All of these criticisms are entirely correct. But to use this insightful piece by Hanania as just another opportunity to bash the Left is to miss an incredibly important moment for self-reflection and the possibility of the beginnings of the path to recapture this power.
The Right needs to build parallel institutions, and building out a mature information apparatus is relatively low hanging fruit. This is a domain in which we already possess talented and dedicated individuals: the search for truth.
Constructing this apparatus would fulfill the requirements (as defined by
) of a true victory: a victory that makes future victories easier. A more complete and sophisticated intelligence-generation network can be used by emerging right-wing elites to accelerate and refine their decision making.In the absence of this, our elites will be forced to rely on a crude marriage of left-wing primary analysis coupled with speculative intellectual theory from the Right. This cedes a domain in which we have a natural advantage: it is leftists that should be theorycels, obscuring the natural order with walls of text. Rightists should perceive and accept the world as it is - direct and unfiltered. The current paradigm must be transcended.

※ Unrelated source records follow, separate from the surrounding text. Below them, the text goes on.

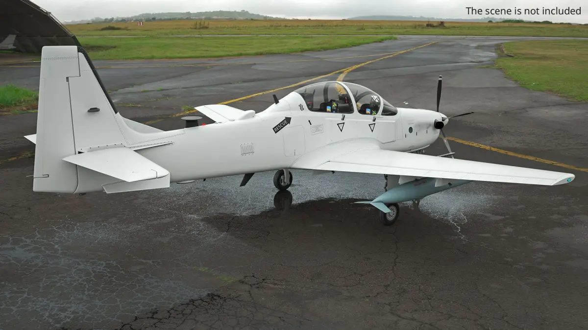 The model showcases the aircraft's detailed design, featuring a twin-seat cockpit, distinctive propeller, and robust landing gear. Equipped with advanced avionics, the Super Tucano is celebrated for its agility, durability, and capacity to carry a wide range of weapons and auxiliary fuel tanks.
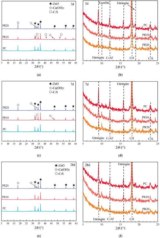 The XRD patterns (a,b) 3 d, (c,d) 7 d, and (e,f) 28 d of cementitious materials at different ages.
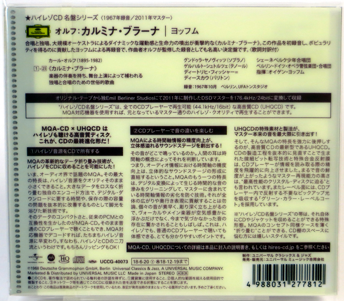 CARL ORF – Carmina Burana / EUGEN JOCHUM – MQA – CD Japonia 2018
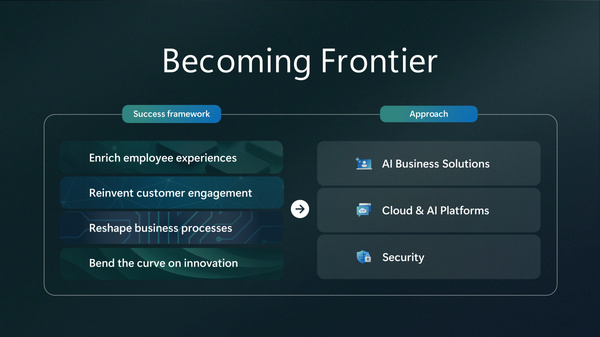 マイクロソフトが提唱するフロンティア企業(Frontier Firm、フロンティア組織)は、「企業や社会の課題を解決するために、生成AIやモデルを活用して、AIトランスフォーメーションを行う組織」と定義されている。フロンティア企業では、AIの活用によって「従業員エクスペリエンスの強化」「顧客エンゲージメントの改革」「ビジネスプロセスの再構築」「イノベーションの加速」といった恩恵が受けられるという。
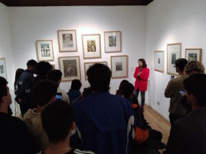 En este escenario propicio para la creatividad artística a través del grabado, los estudiantes de primer año de periodismo de la UPLA fueron partícipes de una visita guiada por todas las dependencias del museo, como parte de una actividad extracurricular de la asignatura Periodismo Informativo, a cargo de los docentes Miguel Chamorro y Eduardo Poblete. Los estudiantes pudieron conocer -en voz de la encargada de mediación, profesora María Paz Huenul-, el legado y obra de maestros del grabado, encabezados por Carlos Hermosilla, como también de destacados cultores de esta técnica, tales como Roser Bru, Nemesio Antúnez, Delia del Carril, Eduardo Vilches, Julio Escámez, Patricia Israel, Jorge Martínez, entre otros; todos, con alta relevancia tanto nacional como internacional.

For this information network to become anti-fragile and sophisticated, it will require direct contact with reality through testing and accountability. This necessitates contact with institutions. I will write a future piece encouraging right-wingers to join elite liberal organizations - not to capture them (likely impossible) - but to gain exposure to executing projects on the highest level, which requires a very different muscle-memory to pontification, however insightful.
The tech companies might be staffed by furries - but these furries know how to build billion dollar, world-changing products. You might be able to own them on Twitter - but what good is that if you have no idea how to run a world-leading enterprise?
Building this truth apparatus will require strategic planning. It will not be easy.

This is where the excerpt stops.